DATA FOR ANALYSIS START

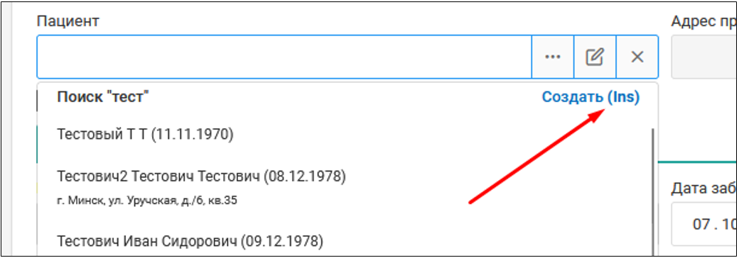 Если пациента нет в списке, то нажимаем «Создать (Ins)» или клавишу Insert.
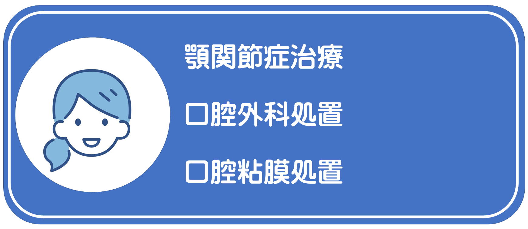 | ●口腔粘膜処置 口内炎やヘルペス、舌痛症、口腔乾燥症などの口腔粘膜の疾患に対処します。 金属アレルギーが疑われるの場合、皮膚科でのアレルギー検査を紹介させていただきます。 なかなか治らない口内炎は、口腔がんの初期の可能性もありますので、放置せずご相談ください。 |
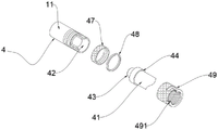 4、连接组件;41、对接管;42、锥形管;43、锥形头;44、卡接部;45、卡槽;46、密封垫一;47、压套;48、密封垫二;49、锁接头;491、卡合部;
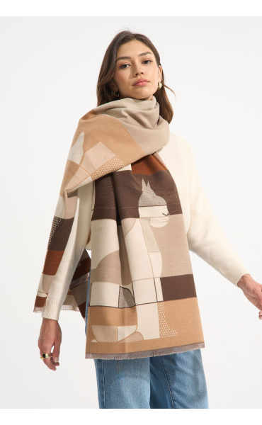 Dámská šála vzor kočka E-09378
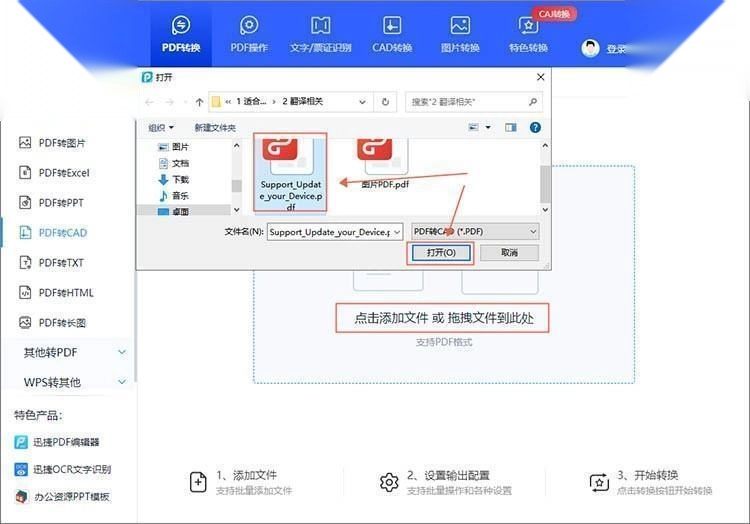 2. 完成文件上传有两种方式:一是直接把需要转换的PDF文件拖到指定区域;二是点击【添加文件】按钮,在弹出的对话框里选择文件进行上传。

DATA FOR ANALYSIS END
DATA FOR ANALYSIS START

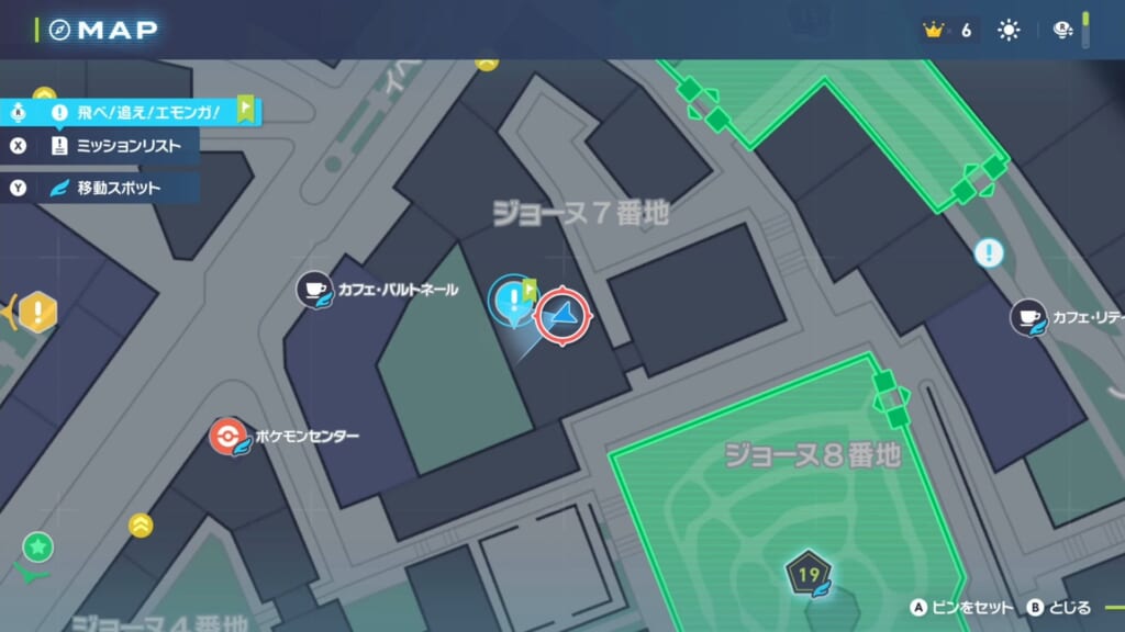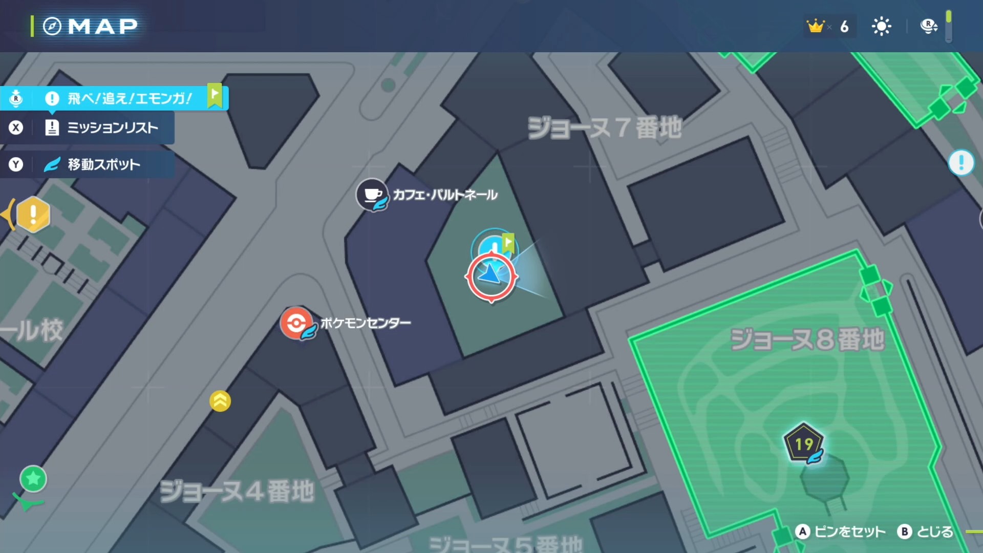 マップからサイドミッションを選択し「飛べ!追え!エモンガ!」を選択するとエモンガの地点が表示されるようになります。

DATA FOR ANALYSIS END

▶ [ASSIGNMENT]
Restate word for word the lines of the data above that begin at the line with "Dámská šála vzor kočka E-09378" and end at the line with "2. 完成文件上传有两种方式", keeping both ends and dropping every picture.

▶ [ANSWER TO THIS EXERCISE]
 Dámská šála vzor kočka E-09378
 2. 完成文件上传有两种方式:一是直接把需要转换的PDF文件拖到指定区域;二是点击【添加文件】按钮,在弹出的对话框里选择文件进行上传。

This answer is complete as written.